Our Mars400's BMC can shut down all nodes in the same chassis. So before a maintenance or BMC firmware update, we need to make CEPH stop IO before shutting down a chassis.


CEPH blog gives the steps before shutting down hosts on the CEPH cluster as this link show: how-to-do-a-ceph-cluster-maintenance-shutdown/


Here are the steps to do before shutting down a chassis or the cluster:


  1. Stop your client's I/O.
  2. Unmount ceph on client.

  3. Set OSDs flags

  4. Login to a monitor node and set the following command


  5. # ceph osd set noout
    # ceph osd set nobackfill
    # ceph osd set norecover
    # ceph osd set norebalance
    # ceph osd set nodown
    # ceph osd set pause (this is not necessary if you only shut down a chassis)

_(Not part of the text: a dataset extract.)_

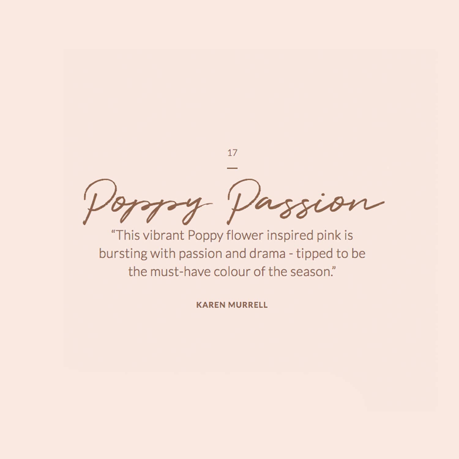 • 17 POPPY PASSION - Dare to color your world an effervescent shade of pink with the intense fuchsia hue and romantic red undertones of Poppy Passion, an exquisite lipstick reminiscent of the vibrancy of the Passion Flower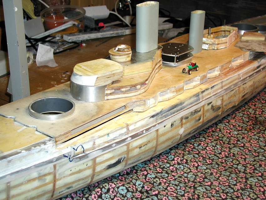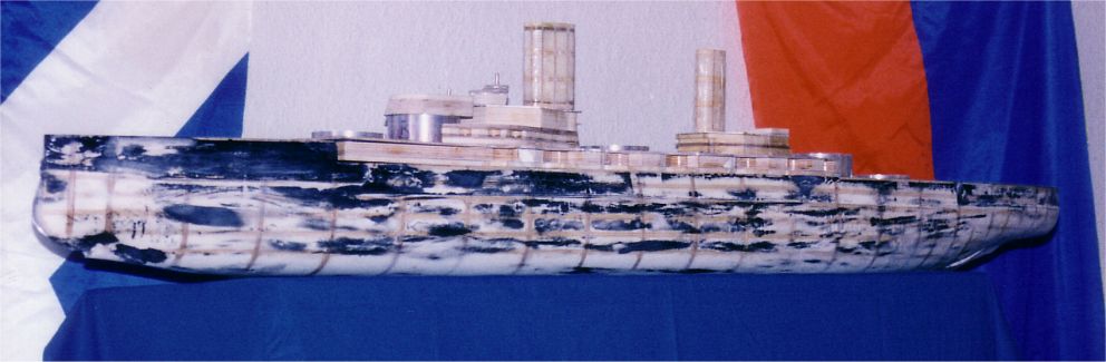 Hier die vorderen Aufbauten und der Gefechtskommandostand. (ca. 2001) Wie gehabt alles in Schichtbauweise, der Kern ausgesägt. So werden alle größeren Aufbauteile gefertigt, die kleineren Details werden aus 0.2mm Messingblech gefertigt. |

  6. Log in to BMC and use the "standby" command to set the Mars400 to be standby.

    or use the command line to make the chassis power become stand by. 

    ssh root@<BMC IP> -t "/usr/bin/bmcpipe \"standby ;\""



============================================

     BMC Simple Command Line Interface

============================================

Input Command.  Enter 'H' or 'help' to display available commands.

    {C} console            : Console access to module/switch

    {S} status             : Show current machine status

    {A} advance            : Advance module control functions

    {M} maintenance        : Advance device maintenance helper comamnds

    {Q} logout             : Logout

    {V} version            : Show software version

    {H} help               : Show help message

============================================

Enter command >>>standby


    

4.  If you want to power off other nodes, please repeat step 2 for other Mars400.

After about 3 mins for graceful shutdown of the nodes, BMC will make the power supply go into standby mode.


After you complete the hardware maintenance, power on the Mars400 by BMC, unset all the flags, and wait for the cluster to become healthy.

# ceph osd unset noout
# ceph osd unset nobackfill
# ceph osd unset norecover
# ceph osd unset norebalance
# ceph osd unset nodown
# ceph osd unset pause